Class OneVsRestClassifier<T>
- Namespace
- AiDotNet.Classification.Meta
- Assembly
- AiDotNet.dll
One-vs-Rest (also called One-vs-All) classifier for multi-class classification.
public class OneVsRestClassifier<T> : MetaClassifierBase<T>, IProbabilisticClassifier<T>, IMultiLabelClassifier<T>, IClassifier<T>, IFullModel<T, Matrix<T>, Vector<T>>, IModel<Matrix<T>, Vector<T>, ModelMetadata<T>>, IModelSerializer, ICheckpointableModel, IParameterizable<T, Matrix<T>, Vector<T>>, IFeatureAware, IFeatureImportance<T>, ICloneable<IFullModel<T, Matrix<T>, Vector<T>>>, IGradientComputable<T, Matrix<T>, Vector<T>>, IJitCompilable<T>Type Parameters
TThe numeric data type used for calculations.
- Inheritance
-
OneVsRestClassifier<T>
- Implements
-
IClassifier<T>
- Inherited Members
- Extension Methods
Remarks
Trains one binary classifier per class, treating it as the positive class and all other classes as the negative class.
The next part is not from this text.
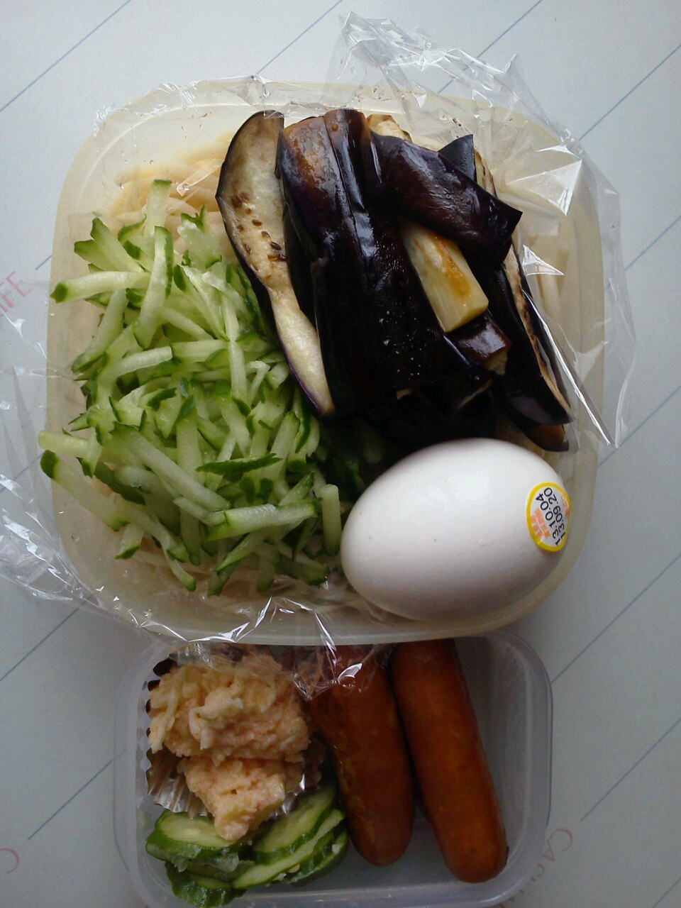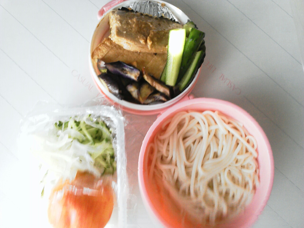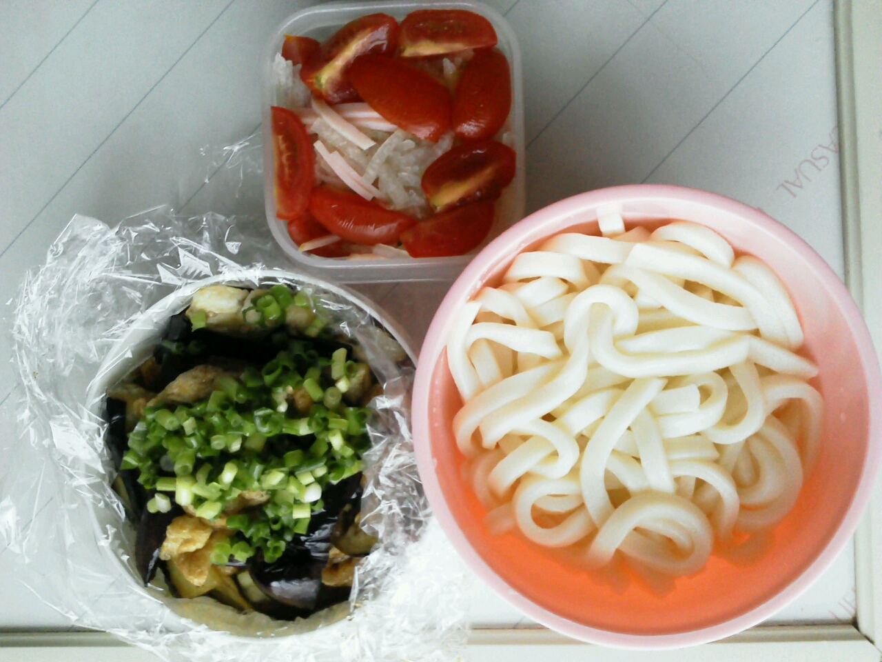 2013.09.24 ナスとキュウリ、温玉の冷たいうどん トマトサラダ

For Beginners: One-vs-Rest is a simple strategy for multi-class classification:
For 3 classes (A, B, C):
- Classifier 1: Is it A vs not-A?
- Classifier 2: Is it B vs not-B?
- Classifier 3: Is it C vs not-C?
For prediction, the class whose classifier gives the highest score wins.
Advantages:
- Simple and effective
- Trains K classifiers for K classes
- Easily parallelizable
Disadvantages:
- Class imbalance (one class vs all others)
- Classifiers don't see inter-class relationships
Constructors
OneVsRestClassifier(Func<IClassifier<T>>, MetaClassifierOptions<T>?, IRegularization<T, Matrix<T>, Vector<T>>?)
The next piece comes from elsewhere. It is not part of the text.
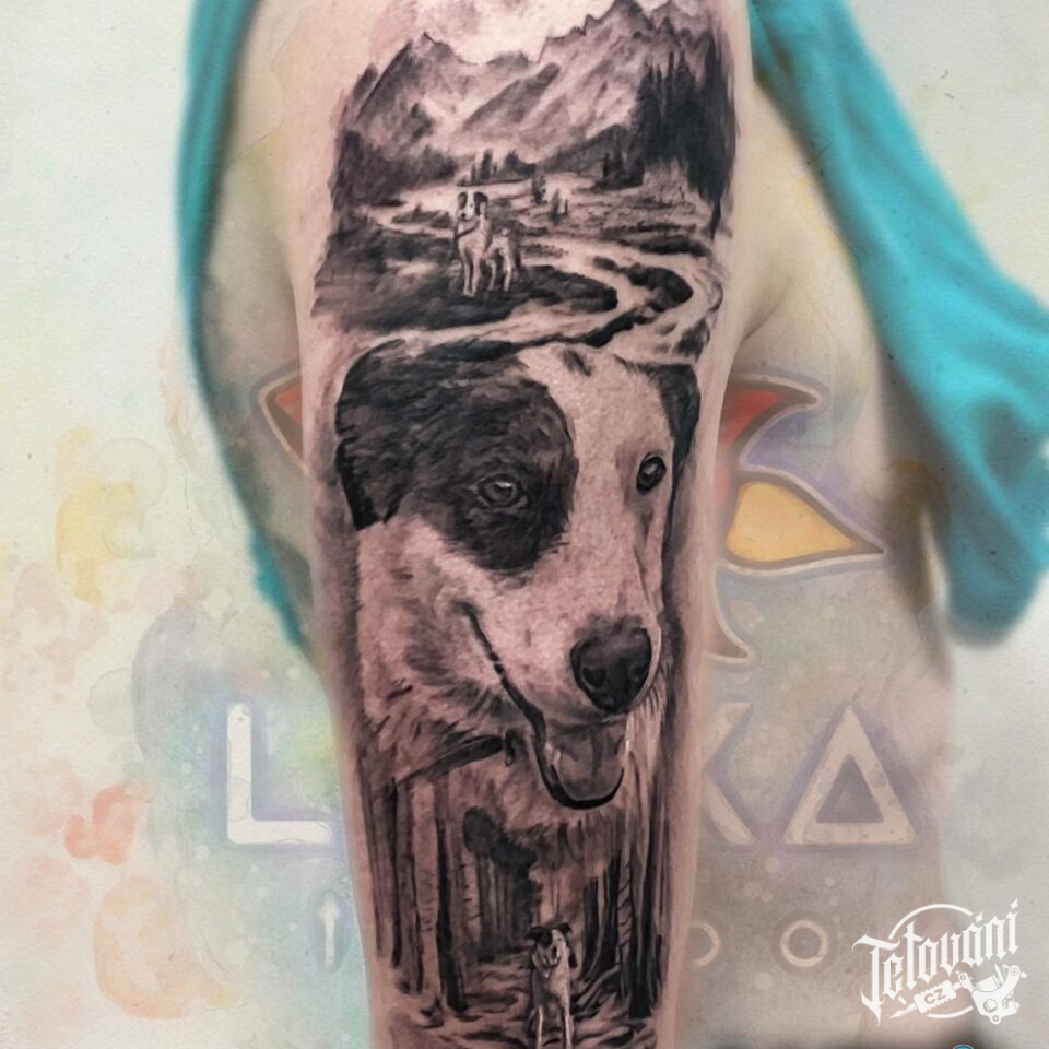 Tetování zvířata, pes a příroda, hory, les na rameni

Initializes a new instance of the OneVsRestClassifier class.
public OneVsRestClassifier(Func<IClassifier<T>> estimatorFactory, MetaClassifierOptions<T>? options = null, IRegularization<T, Matrix<T>, Vector<T>>? regularization = null)Parameters
estimatorFactoryFunc<IClassifier<T>>Factory function to create base binary classifiers.
optionsMetaClassifierOptions<T>Configuration options for the classifier.
regularizationIRegularization<T, Matrix<T>, Vector<T>>Optional regularization strategy.
Properties
NumLabels
Gets the number of labels that can be predicted.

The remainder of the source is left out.